Pemkot Mojokerto Gelar Pelatihan Inkubasi Wirausaha ke 4.300 Warga

Inkana Putri - detikNews
Senin, 20 Sep 2021 21:46 WIB
pemkot Mojokerto
Foto: pemkot Mojokerto
Jakarta -

Wali Kota Mojokerto, Ika Puspitasari membuka Pelatihan Inkubasi Wirausaha Jajanan Tradisional Berbahan Beras di Lokasi Workshop Alas Kaki Surodinawan hari ini. Melalui kegiatan ini, Ika menargetkan ribuan pengusaha baru bakal terlahir di tengah pandemi COVID-19.

"Pandemi kita jadikan momentum untuk mencetak pengusaha baru secara mandiri. Ke depan kami targetkan bisa mencetak sekurang-kurangnya 50 persen wirausahawan baru dari pembinaan terhadap 4.300 warga di Kota Mojokerto," ujarnya dalam keterangan tertulis, Senin (20/9/2021).

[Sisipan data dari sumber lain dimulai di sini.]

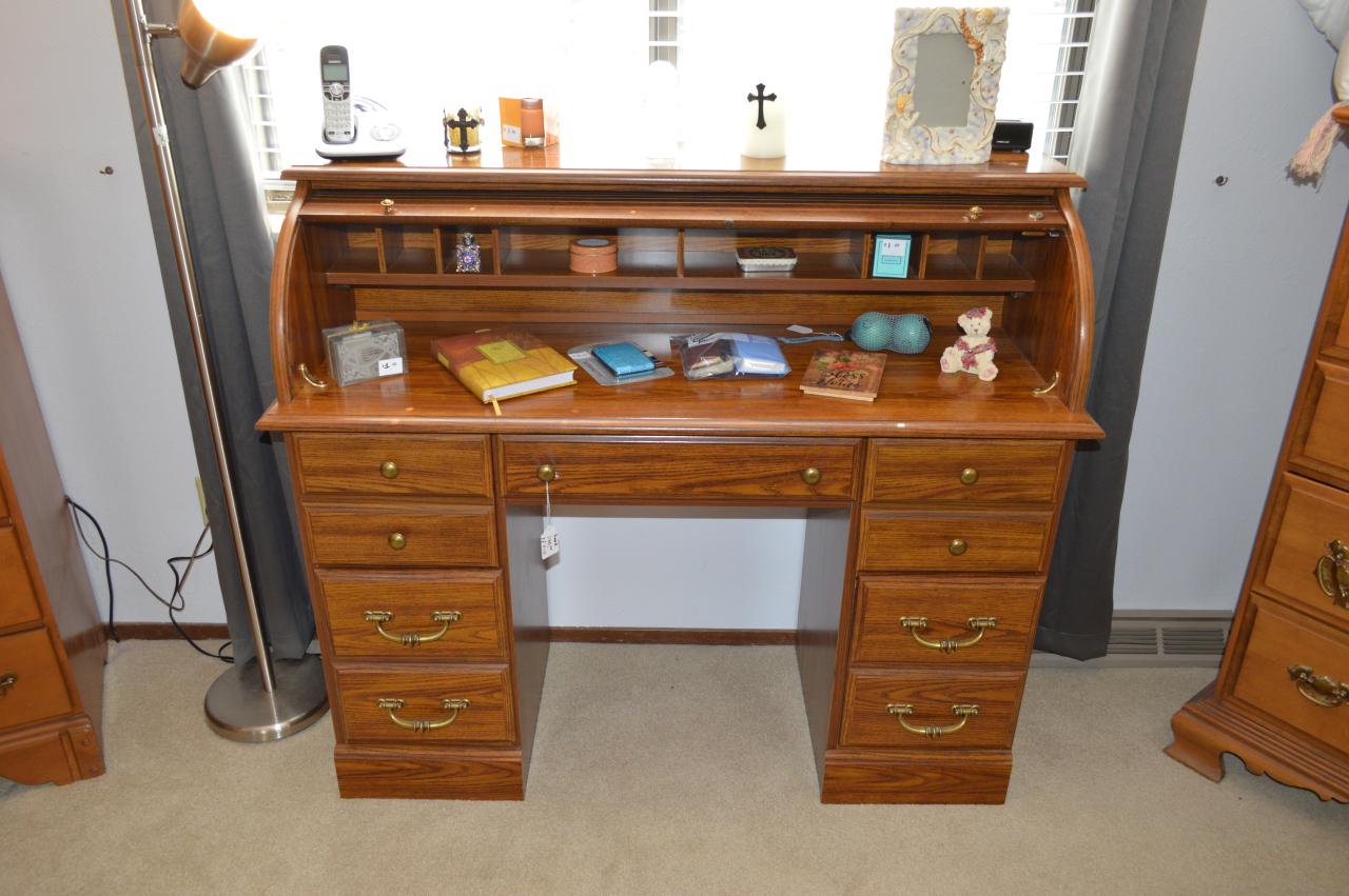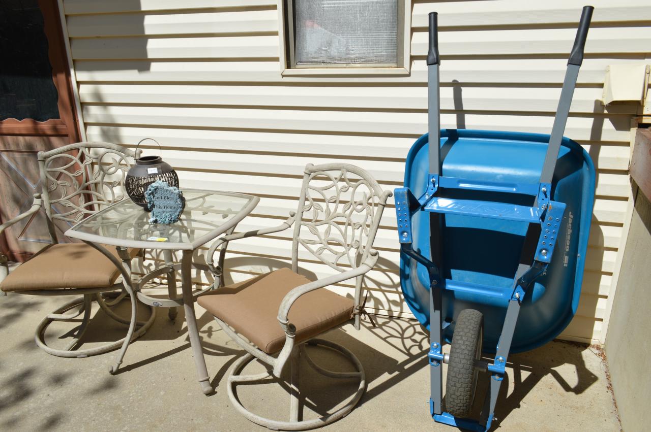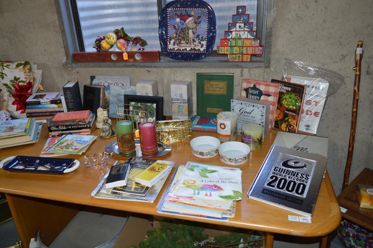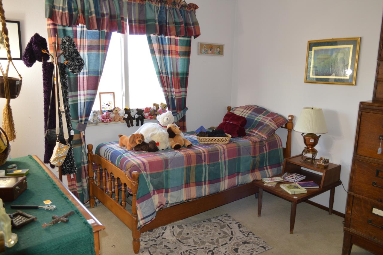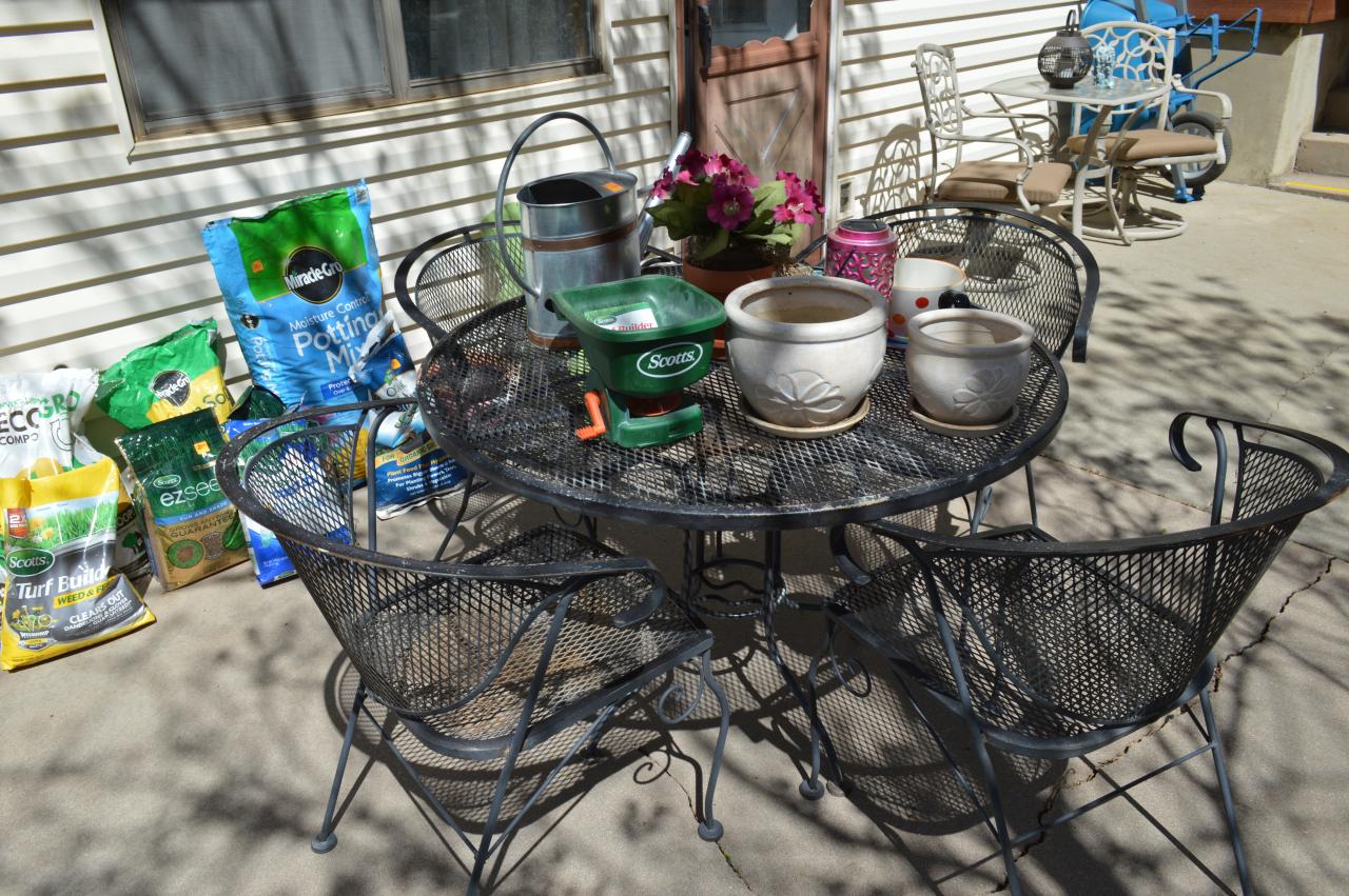 • Furniture – Vintage Oak Sectional Lawyer’s Cabinet, Cheval Mirror, Curio Cabinet, 50’s Maple Bedroom Pieces, Wrought Iron Patio Set, Wicker Patio Set, Oak Kitchen Table with 3 Chairs and Bench, Leather Couch and Chair, Oak Oval Table and Chairs, Iron Coat Rack and Much More!

Wali kota yang akrab disapa Ning Ita ini mengatakan terpuruknya sektor usaha akibat pandemi menjadi peluang untuk memunculkan wirausahawan atau entrepreneur baru. Namun, edukasi dan pendampingan yang tepat tentunya diperlukan agar mereka dapat menyesuaikan diri dan memiliki kreativitas untuk membangun bisnis baru.

"Dan yang terpenting, mereka juga kita bekali strategi penjualan agar omzet para pemula ini bisa melejit saat memulai bisnis barunya," katanya.

Untuk itu, Ning ita bertekad menjadikan Kota Mojokerto sebagai Kota UMKM, yang akan mendukung potensi wisata sejarah dan budaya. Ia berharap wirausahawan ini dapat tumbuh menjadi UMKM/IKM/UKM dengan daya saing tinggi dan memiliki keunikan bernilai jual.

Ia juga berharap agar pengusaha lokal nantinya ini dapat menjadi tuan rumah di Kota Mojokerto

"Jika sekarang usaha alas kaki kita sudah mendapat pengakuan secara nasional dan internasional, ke depan saya ingin ribuan wirausahawan baru yang kita gembleng saat ini dapat memunculkan ikon produk baru dari Kota Mojokerto," paparnya.

Dalam rangka mewujudkan hal ini, Ning Ita mengatakan Pemkot Mojokerto melalui Dinas Koperasi, UKM, Perindustrian dan Perdagangan telah menggelontorkan dana APBD melalui program pemberdayaan.

Adapun program pemberdayaan disinergikan dengan program pemulihan ekonomi nasional sesuai dengan peraturan Inmendagri. Selanjutnya, masing-masing kelompok yang lulus inkubasi teknik akan diberikan bantuan peralatan dan perlengkapan yang dianggarkan melalui dana kelurahan sebagai stimulus untuk memulai usaha baru.

"Tujuannya selain agar masyarakat bisa bertahan di tengah pandemi sekaligus menghadirkan wirausaha baru yang mampu menggerakkan roda perekonomian daerah," katanya.

Ning Ita pun menambahkan beberapa jenis usaha yang dikembangkan masyarakat, seperti makanan dan minuman, aksesori dan kerajinan dapat menjadi modal untuk membangkitkan perekonomian di masa pandemi.

"Kita harus optimis dan bangkit di tengah pandemi. Tak hanya optimis menyasar sektor UMKM dan IKM, Pemkot juga berencana mengelola sektor pariwisata berbasis sejarah budaya Kerajaan Majapahit," ungkapnya.

Di sisi lain, Kepala Dinas Koperasi UKM Perindustrian dan Perdagangan Kota Mojokerto, Ani Wijaya mengatakan pihaknya akan terus berupaya mendorong wirausahawan baru melalui sejumlah inkubasi.

"Hampir setiap hari kita melakukan inkubasi wirausaha, bahkan hari ini kita melaksanakan 5 pelatihan secara serentak di tiga lokasi berbeda. Di antaranya pelatihan bordir, sulam pita, pelatihan batik, pelatihan pembuatan aneka kripik, pelatihan aksesoris dan pelatihan pembuatan cake," ungkapnya.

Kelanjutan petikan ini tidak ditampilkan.